Hopefully you won't run into the problem I did with getting the raymarched voxel rendering to line up with raster rendering (triangles, lines, points).  The raymarched voxel rendering also has to write to and/or read from the z-buffer.  I eventually figured it all out.

In short:  The raymarched voxel rendering shader has to receive both the same view projection matrix and inverse view projection matrix via a uniform buffer object as raster rendering does.  The inverse view projection matrix is used in calculating raymarched voxel rendering ray origin and direction vectors and the view projection is used in calculating z-buffer writes and/or reads based on ray to voxel hit.

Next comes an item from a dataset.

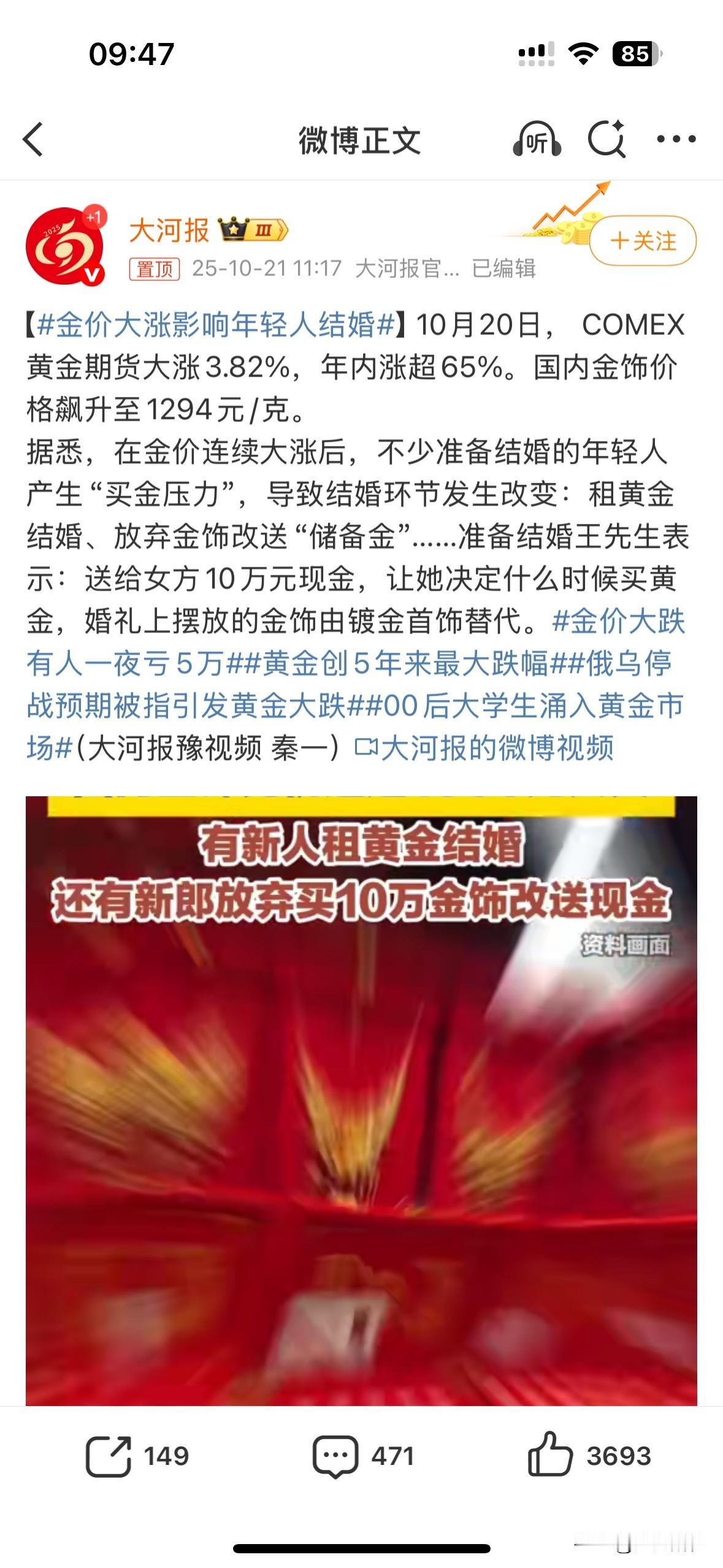 年轻人不结婚又多了一宗罪:黄金大涨。 只要这个罪过传递到央妈那里,估计一直出手

If you run into any problems in this area, let me know because I may be able to help you resolve this issue.

Tiny Glade is cool looking and definitely shows what Bevy is capable of!

(1 edit) (+1)

P.S.  Technically, fragment shaders cannot read the z-buffer due to limitations imposed by GLSL, but fragment shaders can write to the z-buffer.  Given that detail, the raymarched voxel rendering pass should be done as the first rendering pass so that triangles, lines, point, etc. z-buffer clip against voxels rendered.

At some point I'm going to have to implement multiple raymarched voxel rendering passes for rendering moving voxel objects (falling trees, rotating things), so I will have to introduce a programmer defined z-buffer into my code to allow for clipping of multiple voxel rendering passes against each other.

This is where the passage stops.